DIRECTIONS FOR THIS TASK: Retype every record exactly as it appears.

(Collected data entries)
----------------------------------------
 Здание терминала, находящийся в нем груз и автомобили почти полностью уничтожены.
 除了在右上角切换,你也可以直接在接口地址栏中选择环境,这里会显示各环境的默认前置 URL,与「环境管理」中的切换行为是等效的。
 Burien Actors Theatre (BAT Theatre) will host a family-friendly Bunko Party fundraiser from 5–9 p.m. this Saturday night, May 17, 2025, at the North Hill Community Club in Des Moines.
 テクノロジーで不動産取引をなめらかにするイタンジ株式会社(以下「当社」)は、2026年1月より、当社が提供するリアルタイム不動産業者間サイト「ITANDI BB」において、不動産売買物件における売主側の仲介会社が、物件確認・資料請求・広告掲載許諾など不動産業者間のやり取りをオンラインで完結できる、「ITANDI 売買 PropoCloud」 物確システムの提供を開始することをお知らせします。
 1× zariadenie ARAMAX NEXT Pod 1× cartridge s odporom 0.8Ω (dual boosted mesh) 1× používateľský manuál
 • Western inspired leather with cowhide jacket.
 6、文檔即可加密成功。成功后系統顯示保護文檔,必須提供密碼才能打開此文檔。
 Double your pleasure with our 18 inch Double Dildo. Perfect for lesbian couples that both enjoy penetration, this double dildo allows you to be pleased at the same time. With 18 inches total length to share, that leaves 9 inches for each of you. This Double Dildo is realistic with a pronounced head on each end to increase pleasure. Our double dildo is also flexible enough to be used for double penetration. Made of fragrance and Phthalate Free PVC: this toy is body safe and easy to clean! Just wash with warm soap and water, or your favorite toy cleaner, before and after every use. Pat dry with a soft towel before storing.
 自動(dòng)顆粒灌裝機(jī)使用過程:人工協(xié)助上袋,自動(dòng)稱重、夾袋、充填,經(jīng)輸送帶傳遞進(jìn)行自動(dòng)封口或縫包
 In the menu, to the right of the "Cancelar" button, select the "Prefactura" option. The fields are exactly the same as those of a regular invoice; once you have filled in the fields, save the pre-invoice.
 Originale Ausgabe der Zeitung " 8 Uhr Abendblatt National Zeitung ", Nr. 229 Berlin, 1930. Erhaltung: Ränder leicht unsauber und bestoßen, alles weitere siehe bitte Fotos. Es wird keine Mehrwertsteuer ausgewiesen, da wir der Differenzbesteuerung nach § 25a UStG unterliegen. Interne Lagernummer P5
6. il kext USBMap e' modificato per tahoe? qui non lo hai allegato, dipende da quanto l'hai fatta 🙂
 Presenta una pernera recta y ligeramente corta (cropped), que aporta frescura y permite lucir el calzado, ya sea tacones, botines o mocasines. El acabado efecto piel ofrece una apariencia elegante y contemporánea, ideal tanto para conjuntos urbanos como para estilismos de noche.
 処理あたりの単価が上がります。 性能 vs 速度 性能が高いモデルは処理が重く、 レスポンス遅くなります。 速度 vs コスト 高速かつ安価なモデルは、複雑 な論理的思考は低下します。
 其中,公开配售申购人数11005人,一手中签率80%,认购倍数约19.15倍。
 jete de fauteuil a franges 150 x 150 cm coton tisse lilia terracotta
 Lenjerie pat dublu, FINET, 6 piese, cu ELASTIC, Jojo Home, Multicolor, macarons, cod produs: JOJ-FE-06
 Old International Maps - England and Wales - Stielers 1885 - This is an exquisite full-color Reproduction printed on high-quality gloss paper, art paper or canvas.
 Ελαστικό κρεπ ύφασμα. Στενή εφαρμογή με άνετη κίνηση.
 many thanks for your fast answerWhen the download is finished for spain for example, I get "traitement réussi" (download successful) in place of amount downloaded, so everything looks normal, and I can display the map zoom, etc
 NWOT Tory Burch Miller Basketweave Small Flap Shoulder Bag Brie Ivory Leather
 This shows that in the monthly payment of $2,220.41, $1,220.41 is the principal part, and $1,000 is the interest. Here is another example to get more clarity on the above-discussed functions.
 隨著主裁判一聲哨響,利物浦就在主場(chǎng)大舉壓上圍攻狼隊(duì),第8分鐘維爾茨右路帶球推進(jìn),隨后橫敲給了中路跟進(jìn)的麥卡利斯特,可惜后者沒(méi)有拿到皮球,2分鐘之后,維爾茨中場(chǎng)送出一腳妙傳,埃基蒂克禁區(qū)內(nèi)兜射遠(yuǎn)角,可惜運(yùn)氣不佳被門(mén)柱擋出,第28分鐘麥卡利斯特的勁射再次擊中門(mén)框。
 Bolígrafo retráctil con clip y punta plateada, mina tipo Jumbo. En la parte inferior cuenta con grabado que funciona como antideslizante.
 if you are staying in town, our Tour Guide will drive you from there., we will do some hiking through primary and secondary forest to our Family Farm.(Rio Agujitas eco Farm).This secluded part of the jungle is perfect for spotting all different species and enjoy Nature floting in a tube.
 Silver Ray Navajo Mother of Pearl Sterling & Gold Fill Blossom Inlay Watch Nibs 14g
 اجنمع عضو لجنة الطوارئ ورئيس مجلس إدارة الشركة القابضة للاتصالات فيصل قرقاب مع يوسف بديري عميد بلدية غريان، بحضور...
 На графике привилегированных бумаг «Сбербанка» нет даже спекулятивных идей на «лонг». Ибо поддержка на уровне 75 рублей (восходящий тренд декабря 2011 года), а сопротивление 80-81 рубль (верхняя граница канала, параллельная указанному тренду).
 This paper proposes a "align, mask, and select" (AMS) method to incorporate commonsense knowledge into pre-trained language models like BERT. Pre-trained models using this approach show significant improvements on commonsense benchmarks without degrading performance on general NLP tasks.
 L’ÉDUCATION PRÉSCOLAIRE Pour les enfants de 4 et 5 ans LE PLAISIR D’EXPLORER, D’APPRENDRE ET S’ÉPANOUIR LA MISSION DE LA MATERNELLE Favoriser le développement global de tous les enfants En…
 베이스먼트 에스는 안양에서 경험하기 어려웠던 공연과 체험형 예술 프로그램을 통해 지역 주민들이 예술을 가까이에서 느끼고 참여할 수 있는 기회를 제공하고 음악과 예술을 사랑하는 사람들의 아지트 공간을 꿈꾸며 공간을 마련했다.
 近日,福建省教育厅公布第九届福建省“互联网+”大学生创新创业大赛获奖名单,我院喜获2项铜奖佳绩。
----------------------------------------
ANSWER:
 Здание терминала, находящийся в нем груз и автомобили почти полностью уничтожены.
 除了在右上角切换,你也可以直接在接口地址栏中选择环境,这里会显示各环境的默认前置 URL,与「环境管理」中的切换行为是等效的。
 Burien Actors Theatre (BAT Theatre) will host a family-friendly Bunko Party fundraiser from 5–9 p.m. this Saturday night, May 17, 2025, at the North Hill Community Club in Des Moines.
 テクノロジーで不動産取引をなめらかにするイタンジ株式会社(以下「当社」)は、2026年1月より、当社が提供するリアルタイム不動産業者間サイト「ITANDI BB」において、不動産売買物件における売主側の仲介会社が、物件確認・資料請求・広告掲載許諾など不動産業者間のやり取りをオンラインで完結できる、「ITANDI 売買 PropoCloud」 物確システムの提供を開始することをお知らせします。
 1× zariadenie ARAMAX NEXT Pod 1× cartridge s odporom 0.8Ω (dual boosted mesh) 1× používateľský manuál
 • Western inspired leather with cowhide jacket.
 6、文檔即可加密成功。成功后系統顯示保護文檔,必須提供密碼才能打開此文檔。
 Double your pleasure with our 18 inch Double Dildo. Perfect for lesbian couples that both enjoy penetration, this double dildo allows you to be pleased at the same time. With 18 inches total length to share, that leaves 9 inches for each of you. This Double Dildo is realistic with a pronounced head on each end to increase pleasure. Our double dildo is also flexible enough to be used for double penetration. Made of fragrance and Phthalate Free PVC: this toy is body safe and easy to clean! Just wash with warm soap and water, or your favorite toy cleaner, before and after every use. Pat dry with a soft towel before storing.
 自動(dòng)顆粒灌裝機(jī)使用過程:人工協(xié)助上袋,自動(dòng)稱重、夾袋、充填,經(jīng)輸送帶傳遞進(jìn)行自動(dòng)封口或縫包
 In the menu, to the right of the "Cancelar" button, select the "Prefactura" option. The fields are exactly the same as those of a regular invoice; once you have filled in the fields, save the pre-invoice.
 Originale Ausgabe der Zeitung " 8 Uhr Abendblatt National Zeitung ", Nr. 229 Berlin, 1930. Erhaltung: Ränder leicht unsauber und bestoßen, alles weitere siehe bitte Fotos. Es wird keine Mehrwertsteuer ausgewiesen, da wir der Differenzbesteuerung nach § 25a UStG unterliegen. Interne Lagernummer P5
6. il kext USBMap e' modificato per tahoe? qui non lo hai allegato, dipende da quanto l'hai fatta 🙂
 Presenta una pernera recta y ligeramente corta (cropped), que aporta frescura y permite lucir el calzado, ya sea tacones, botines o mocasines. El acabado efecto piel ofrece una apariencia elegante y contemporánea, ideal tanto para conjuntos urbanos como para estilismos de noche.
 処理あたりの単価が上がります。 性能 vs 速度 性能が高いモデルは処理が重く、 レスポンス遅くなります。 速度 vs コスト 高速かつ安価なモデルは、複雑 な論理的思考は低下します。
 其中,公开配售申购人数11005人,一手中签率80%,认购倍数约19.15倍。
 jete de fauteuil a franges 150 x 150 cm coton tisse lilia terracotta
 Lenjerie pat dublu, FINET, 6 piese, cu ELASTIC, Jojo Home, Multicolor, macarons, cod produs: JOJ-FE-06
 Old International Maps - England and Wales - Stielers 1885 - This is an exquisite full-color Reproduction printed on high-quality gloss paper, art paper or canvas.
 Ελαστικό κρεπ ύφασμα. Στενή εφαρμογή με άνετη κίνηση.
 many thanks for your fast answerWhen the download is finished for spain for example, I get "traitement réussi" (download successful) in place of amount downloaded, so everything looks normal, and I can display the map zoom, etc
 NWOT Tory Burch Miller Basketweave Small Flap Shoulder Bag Brie Ivory Leather
 This shows that in the monthly payment of $2,220.41, $1,220.41 is the principal part, and $1,000 is the interest. Here is another example to get more clarity on the above-discussed functions.
 隨著主裁判一聲哨響,利物浦就在主場(chǎng)大舉壓上圍攻狼隊(duì),第8分鐘維爾茨右路帶球推進(jìn),隨后橫敲給了中路跟進(jìn)的麥卡利斯特,可惜后者沒(méi)有拿到皮球,2分鐘之后,維爾茨中場(chǎng)送出一腳妙傳,埃基蒂克禁區(qū)內(nèi)兜射遠(yuǎn)角,可惜運(yùn)氣不佳被門(mén)柱擋出,第28分鐘麥卡利斯特的勁射再次擊中門(mén)框。
 Bolígrafo retráctil con clip y punta plateada, mina tipo Jumbo. En la parte inferior cuenta con grabado que funciona como antideslizante.
 if you are staying in town, our Tour Guide will drive you from there., we will do some hiking through primary and secondary forest to our Family Farm.(Rio Agujitas eco Farm).This secluded part of the jungle is perfect for spotting all different species and enjoy Nature floting in a tube.
 Silver Ray Navajo Mother of Pearl Sterling & Gold Fill Blossom Inlay Watch Nibs 14g
 اجنمع عضو لجنة الطوارئ ورئيس مجلس إدارة الشركة القابضة للاتصالات فيصل قرقاب مع يوسف بديري عميد بلدية غريان، بحضور...
 На графике привилегированных бумаг «Сбербанка» нет даже спекулятивных идей на «лонг». Ибо поддержка на уровне 75 рублей (восходящий тренд декабря 2011 года), а сопротивление 80-81 рубль (верхняя граница канала, параллельная указанному тренду).
 This paper proposes a "align, mask, and select" (AMS) method to incorporate commonsense knowledge into pre-trained language models like BERT. Pre-trained models using this approach show significant improvements on commonsense benchmarks without degrading performance on general NLP tasks.
 L’ÉDUCATION PRÉSCOLAIRE Pour les enfants de 4 et 5 ans LE PLAISIR D’EXPLORER, D’APPRENDRE ET S’ÉPANOUIR LA MISSION DE LA MATERNELLE Favoriser le développement global de tous les enfants En…
 베이스먼트 에스는 안양에서 경험하기 어려웠던 공연과 체험형 예술 프로그램을 통해 지역 주민들이 예술을 가까이에서 느끼고 참여할 수 있는 기회를 제공하고 음악과 예술을 사랑하는 사람들의 아지트 공간을 꿈꾸며 공간을 마련했다.
 近日,福建省教育厅公布第九届福建省“互联网+”大学生创新创业大赛获奖名单,我院喜获2项铜奖佳绩。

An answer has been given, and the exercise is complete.